Daniel’s two cups of tea testing salt’s impact on tea’s flavorSerious Eats / Daniel Gritzer

The best advice we can give after trying this ourselves is to emphasize that Francl is really calling for a pinch of salt. Our very own Tess Koman may have been a bit too liberal with it. “I found the salt completely mitigated any bitterness I’ve come to expect with black teas,” she said. “I went heavy with my pinch and still my cup was delicious, like drinking the sweetest, mildest version of salted licorice (this is a good thing and I will not hear otherwise).” Daniel Gritzer went easier on the salting, noting “the salted tea, to me, did not taste even remotely salty, but its flavors were more well-rounded, whereas the salted tea had more of a tannic edge. I preferred the salted tea.” He asked his wife Kate to blind-taste each cup and she, too, preferred the salted version.
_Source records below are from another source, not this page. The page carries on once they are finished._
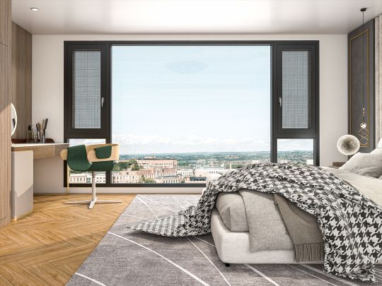 陽光照射進來所產生的熱量,中空玻璃只能減少,不能杜絕,要求高的客戶可以選擇百葉式鋁合金門窗,通過百葉阻擋陽光紫外線照射入室內。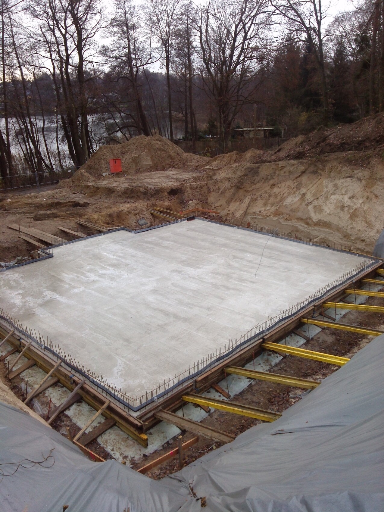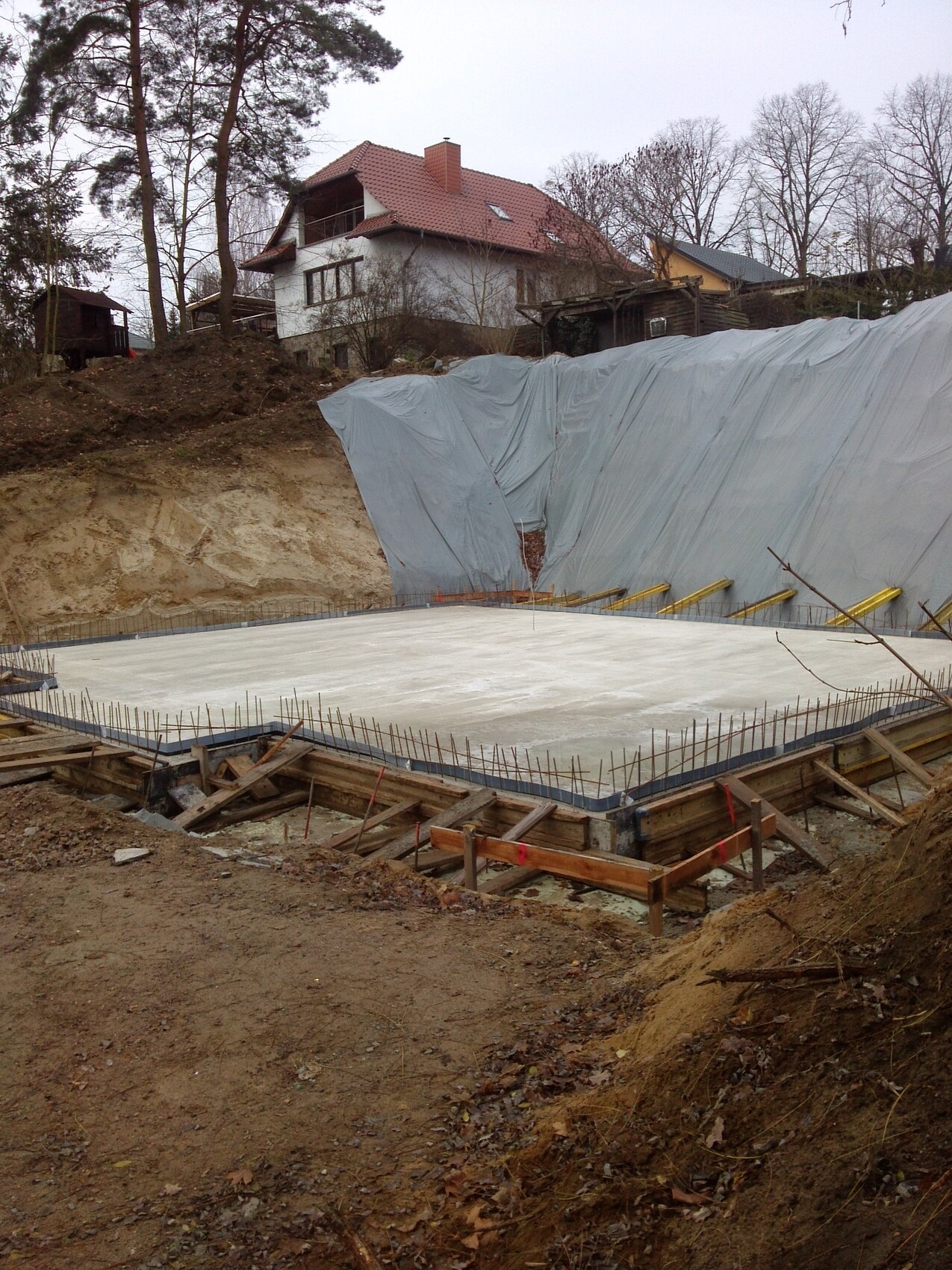 Bei uns wurde mittlerweile die Bodenplatte gegossen. Dadurch kann ich mir so langsam auch endlich mal die Dimensionen des Hauses richtig vorstellen. Morgen kommen die ersten Kellerwände und so wie es aussieht scheinen wir Glück mit dem Wetter zu haben, sodass es bis Weihnachten tagsüber zumindest immer so um die 5°C rum hat und dadurch die diesjährige Komplettierung des Untergeschosses noch im Bereich des Möglichen zu liegen scheint.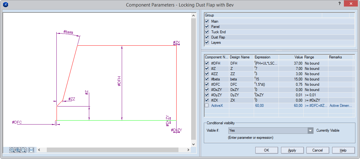 The table — For guidance as to how parameters affect the structure of the component, clicking a parameter row animates, in the preview area, the object that the parameter controls.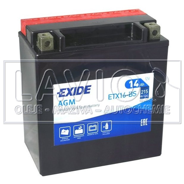 EXIDE motobaterie AGM YTX16-BS 12V/14Ah; 215A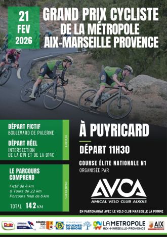 samedi 21 février 2026 Illustration de Grand Prix de la Métropole Aix-Marseille-Provence : Les partants Route Grand Prix de la Métropole Aix-Marseille-Provence : Les partants lu Le Grand Prix de la Métropole Aix-Marseille-Provence (ex-Grand Prix du Pays d'Aix) se dispute ce samedi 21 février à Puyricard (Bouches-du-Rhône). Au programme de l'épreuve Élite Nationale : 6 tours de circuit de 22 km + 6 km soit 138 kilomètres. Le départ sera donné à 11h30. Le vainqueur succèdera au palmarès à Antoine Berger. La course sera à suivre en direct sur DirectVelo. Retrouvez ci-dessous...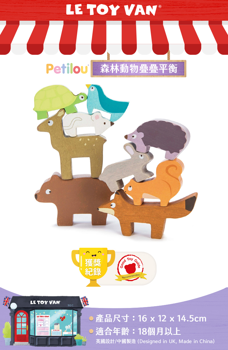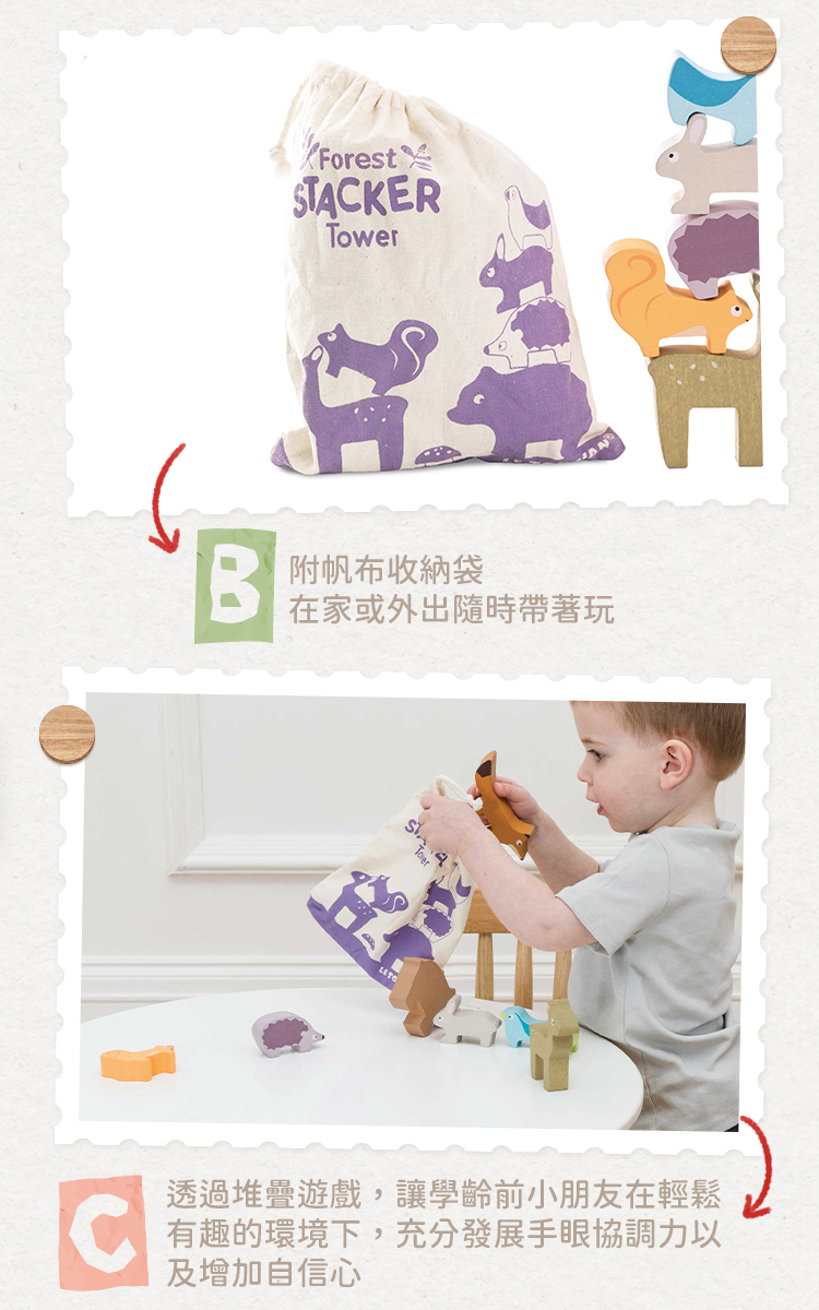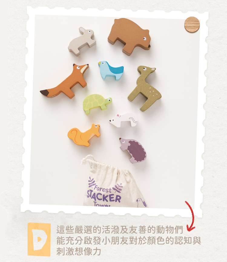 。這組森林動物動物疊疊樂,包含了小鳥、老鼠、烏龜、樹懶、狐狸、兔子、刺蝟、松鼠與花鹿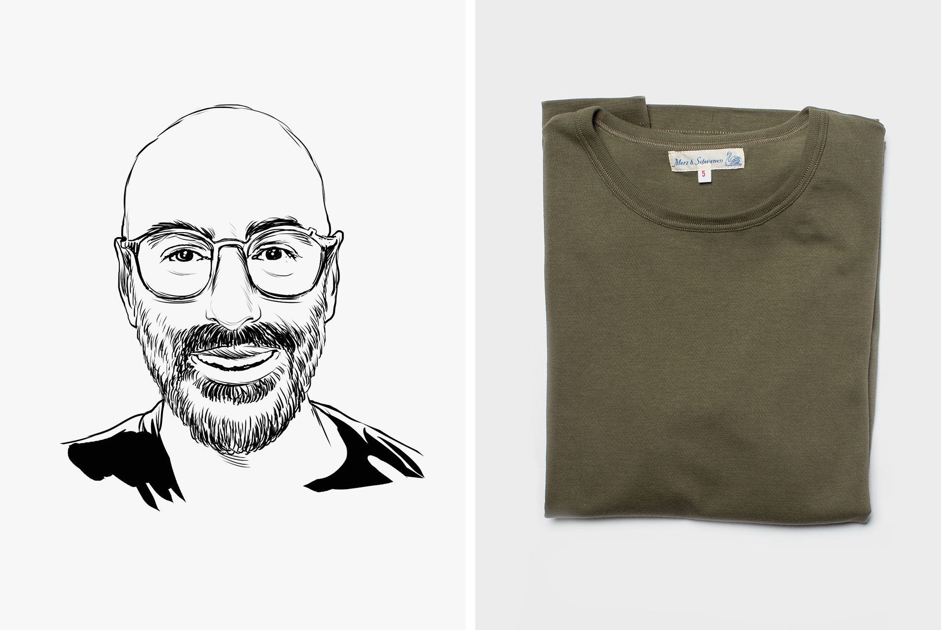 “My favorite t-shirt of the past year is Merz b. Schwanen’s high-end two-needle version of their basic t-shirt. The fabric is unreal, and I don’t think most people realize how nice a t-shirt fabric can be until they handle one of these. It’s made of organic Greek cotton on a vintage loopwheeling machine in Germany. Fit is perfect, slim, and it has no exterior branding. I own multiples in nearly every color they’re made in.” — Kiya Babzani, Co-Owner of Self Edge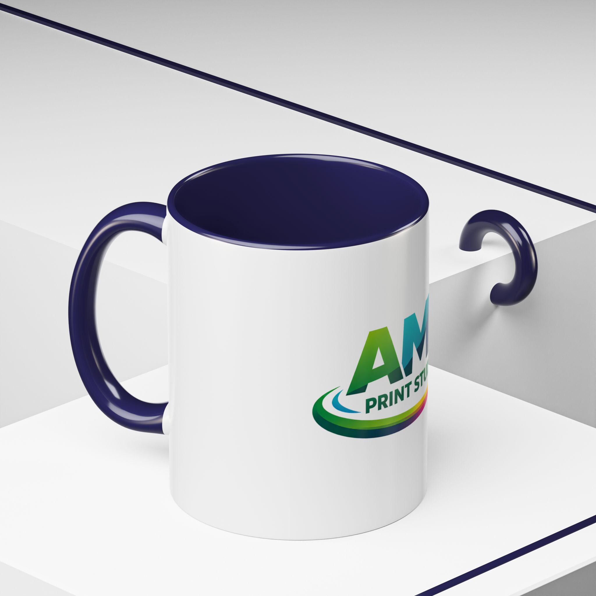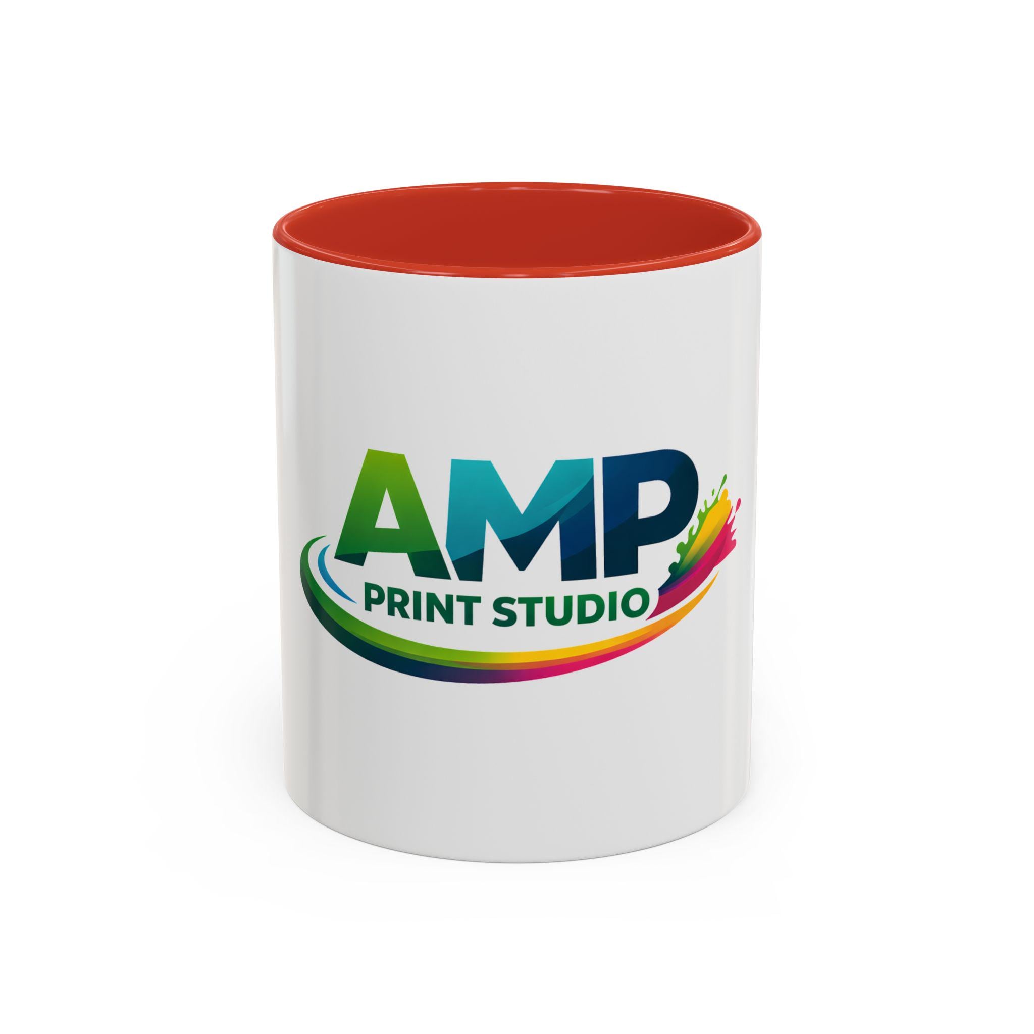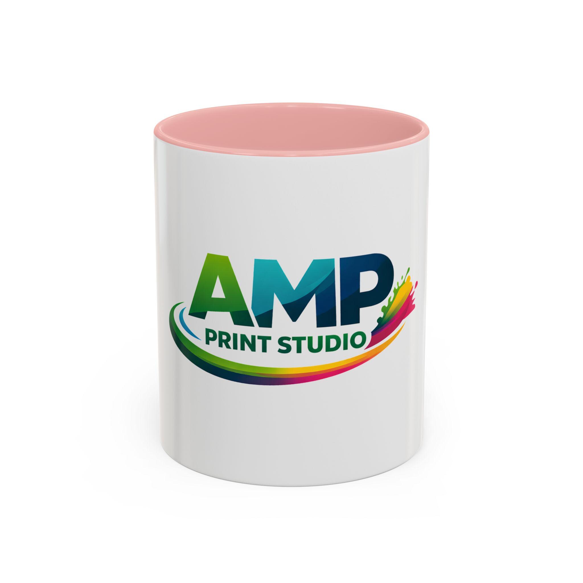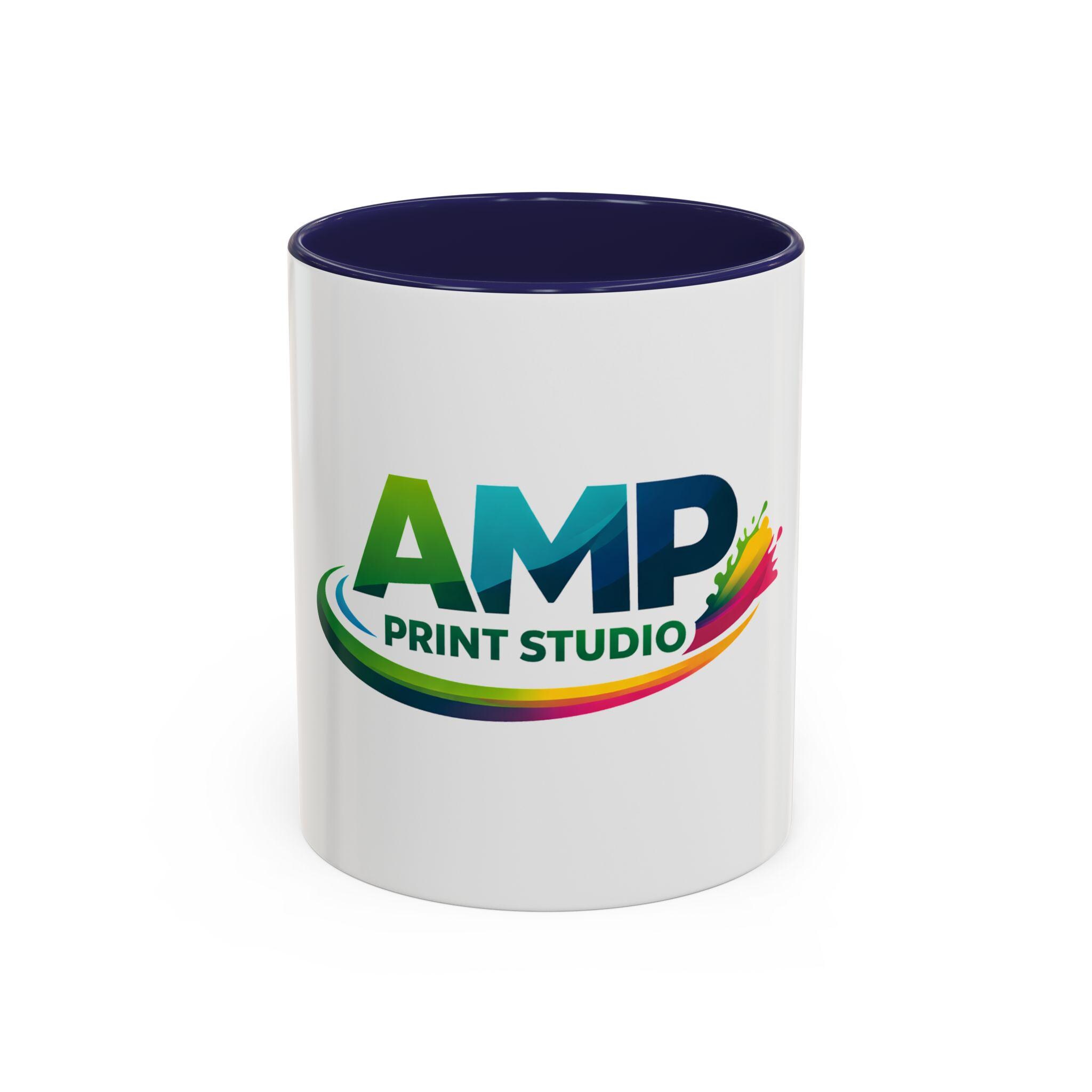 AMP Print Studio Logo Mug, Accent Coffee Mug | Black Handle and Rim, 11oz 15oz

He went on to add: “This little diplomatic media-relations exercise has been cute, but we’re not gonna be impressed until the Brits send some frigates this way for a real battle—we’re overdue,” so now it’s A Whole Thing in Slack.

As for me, I’m not the biggest tea drinker, but I was compelled (read: “strongly encouraged” by my editor) to try this out myself (“Who knows, maybe salted tea literally converts you to liking it?”). To my surprise, tasting both cups of tea side by side, the cup of salted tea was noticeably less bitter…and, dare I say, more delicious? It definitely still needed some sugar, which I added with gusto once I completed our lil experiment. Anyway, I owe many thanks to Ms. Francl for giving me a solution to my tea-hating problem!

Regardless of the consensus here, I think we can all agree the King’s subjects need to chill. Not every conversation about tea needs to involve them! (After all, when was the last time anyone asked the Italians how best to pull a shot of espresso?) Let this be a reminder that there are plenty of other countries that drink the beverage religiously. And with that, I bid you a hearty ta-ta and cheerio, as the British may very well be readying to come for us now.